Thorne could imagine the artfully faked concern on the Baba’s face, the stone-cold resolve as he’d made the only decision possible.
‘Where is he now?’ Thorne asked.
‘I haven’t seen Wayne for a day or two. He’s gone away, maybe.’
‘If a body turns up, you know I’ll be back.’
‘It won’t turn up.’ Zarif made no effort to hide the smile or to disguise the double-meaning. He knew that he was safe, and seeing that knowledge smeared across his fat face was like a blade sliding back and forth across Thorne’s chest. He said nothing and tried again to convince himself that he’d done the right thing. If not the right thing, then the only thing he could have done.
He felt sure that even if he’d done the sensible thing a week earlier–if he’d asked Wayne Brookhouse to drive his taxi to the nearest police station–it would have made no difference. Brookhouse would have said nothing. Zarif’s lawyers would have had him back picking up customers within a few hours. The police would have been left with nothing but a few awkward questions to throw at Gordon Rooker, and even less to link the Zarif family to anything worth talking about.
Even if Thorne were to come clean now–if he were to go to Brigstocke or Tughan or Jesmond and tell him what he knew and how he knew it–there would be little to gain. He could admit to torturing a witness and with his next breath explain that the witness had now disappeared; that the witness was, in all likelihood, dead and buried. The only person on the end of any awkward questions after that would be Thorne himself.

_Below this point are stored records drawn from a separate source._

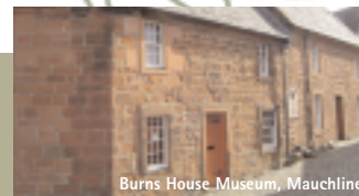
Burns House Museum, Mauchline
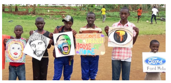
Children from Ukweli Children Rasarani show-off their paintings which were facilitated by a donation of paints and paintbrushes from Entrepreneurial Action Us (ENACTUS) student organization.
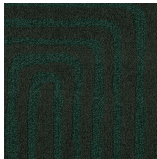
Garden 28369 LRV 4.4

And he’d been asking himself plenty of those already.
‘Mr Rooker was released yesterday, so I understand.’
‘You know he was…’
‘This was a surprise.’ Zarif raised his thick grey eyebrows. ‘Knowing that he told you a number of lies, you still chose to let him out of prison.’

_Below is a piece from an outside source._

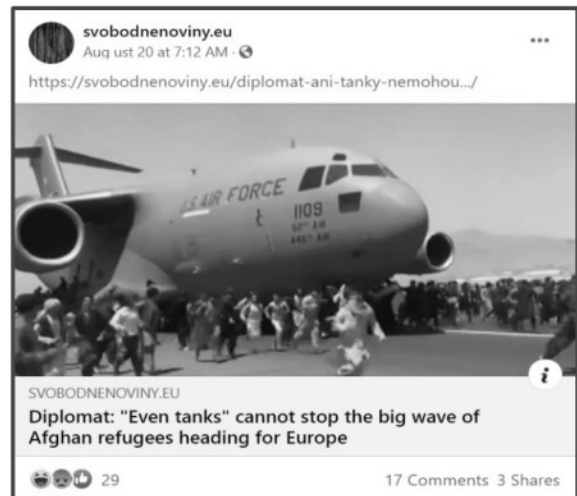
Facebook post from svobodnenoviny.eu warning of a wave of refugees. Translated from Czech.

Thirty-five posts included coverage of Belarus sending migrants to neighboring countries, and the respective responses from Poland and Lithuania. 5 Posts tended to cast the situation as threatening to the Czech Republic, using phrases such as “flooded with immigrants” and “rough welcome.” 6 The outlet eportal.cz took an especially fear-mongering tone, alleging: “If the masses of refugees manage to break the Polish border, we can quickly wait for them on our territory.” 7

Thorne tried hard to draw some spit up into his dry mouth. ‘I chose not to take the steps that might keep him there…’
I chose not to reveal what I’d discovered. I chose not to tell anyone that I’d kidnapped a suspect, that I’d held him against his will and done nothing as this information was forced from him with extreme violence. I chose not to reveal the extent of Gordon Rooker’s brutality, or of my own.

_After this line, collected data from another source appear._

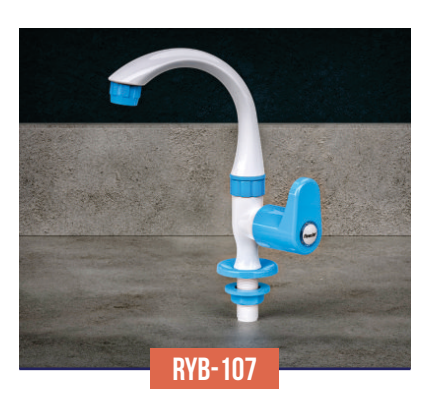
SWAN NECK MRP: Rs. 597.00
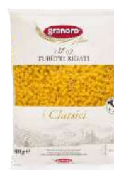
TUBETTI RIGATI 24 x 500g G1062
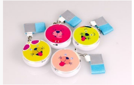
Q's Mall Original Personal Safety Alarms

The Smile Project has also implemented a number of community revitalization programs including donation of gym equipment to elementary schools around the Mall, responding to a local request for the better environment for local children to enjoy sports.
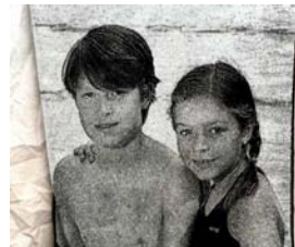
30x60" Beach Towel
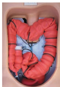
Introductory level 3

I chose to keep the truth quiet and to protect myself…
‘I wonder what Rooker is doing?’ Zarif asked.
‘If he’s got any sense, he’ll be watching his back. You’re not fond of leaving loose ends lying around, are you?’
Zarif looked genuinely hurt. ‘You’ve got it wrong. Rooker has nothing to fear from me. We had an agreement, we had shared interests.’
‘Right. He helps you deal with Billy Ryan and in return you look after him once he’s out. What are we talking? Money, I presume. Protection? Something above and beyond what we can provide…’
‘An agreement, which I fully intend to honour.’
Thorne ran his hand along the surface of the table, scraped salt into the palm of his hand. ‘Honour, right. That’s important, isn’t it? I remember you touching glasses with me and drinking to it. How much honour was there for Marcus Moloney? Sliced up and shot in the head in his car.’ He dropped the salt on to the floor. ‘Was that an honourable way to die, do you think?’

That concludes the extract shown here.